Вернуться к В.К. Зубарева, М.Ч. Ларионова. Творчество А.П. Чехова в свете системного подхода

Ю.В. Шатин. Профанируемый символ

В феврале 1967 года я спросил у Владимира Яковлевича Проппа, читавшего спецкурс о комическом, почему «Чайка» — комедия? ««Чайка» — не комедия, а лирическая драма, а почему она названа комедией это другой вопрос». Вероятно, выдающегося исследователя такой ответ полностью удовлетворял, в голосе его звучала уверенность. Меня — нет. Этот другой вопрос, почему «Чайка» названа комедией, упирался в абсолютное доверие к тексту, а почему престарелые актёры МХАТа тогда играли её как лирическую драму, меня нисколько не заботило.

Абсолютное доверие к тексту предполагает прежде всего обнаружение в нём скрытой метаязыковой функции, с помощью которой автор осуществляет демистификацию языка и сознания персонажей, ровно в той мере, в которой этот язык и это сознание уже не принадлежит субстанции мира. В этом смысле «Чайка» является комедией от первого до последнего слова и отличается от большинства комедий тем, что там, в отличие от Чехова, комическое не фокусируется вокруг единого текста, но разбивается на ряд смешных эпизодов и / или реплик персонажей.

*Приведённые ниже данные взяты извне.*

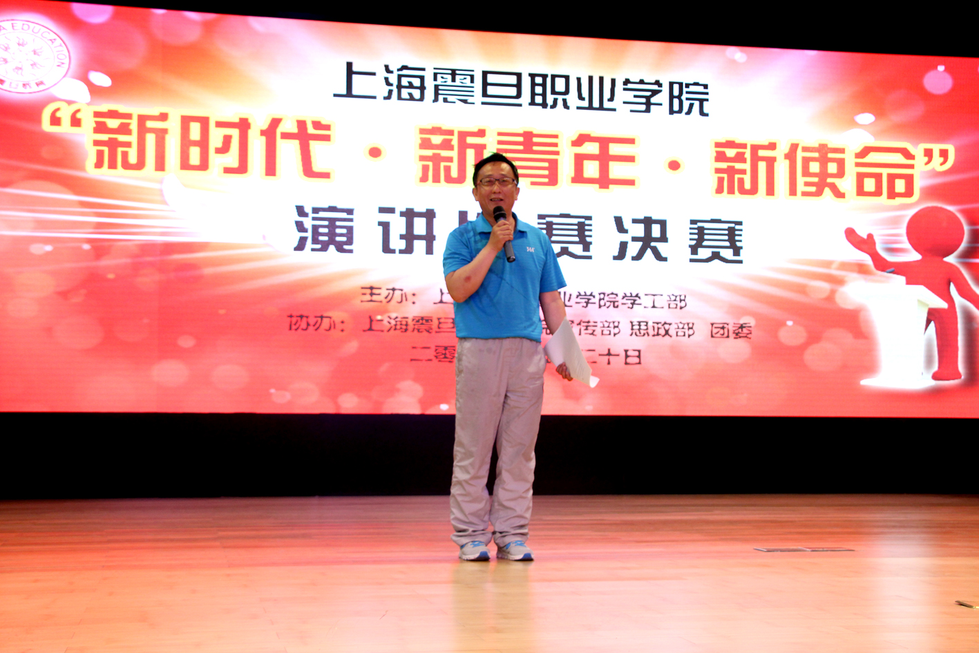 为引导广大年轻人认真学习和理解习近平总书记对中国梦的诠释,畅想中华民族伟大复兴的光明前景。由星空游戏app安卓免费学工部(学生处)主办,星空游戏app安卓免费宣传部、思政部和团委协办的“新时代新青年新使命”演讲比赛决赛于2015年5月20日下午4:30在大礼堂举行。担任本次决赛评委的是:校思政部何明宝、鲁学军老师、倪芳、范人伟、校党办张晓莉、校团委书记黄敏、校学工部(学生处)部长(处长)毛燕静。院党委副书记夏臻、各二级学院党总支书记、辅导员、同学及亲友团们一起观看了比赛。

Однако смешное — вещь субъективная: то, что смешно для одного, необязательно смешно для другого, на что не раз обращали внимание современные исследователи комического. «Комическое и смешное приравнивались как в философских, так и в литературоведческих трудах, хотя это в корне неверно, поскольку комическое — это категория, тогда как смешное — единичная характеристика. А характеристика не равна категории по определению» [Зубарева 2014: 11]. Её классификация драматического жанра базируется на потенциале литературных героев. Слабый потенциал характерен для комедий; потенциал средней силы — для драмы; мощный для трагедий. С этой точки зрения, «Чайка» — от символики до действующих лиц — являет систему со слабым потенциалом, где герои желают казаться значительнее, чем они есть.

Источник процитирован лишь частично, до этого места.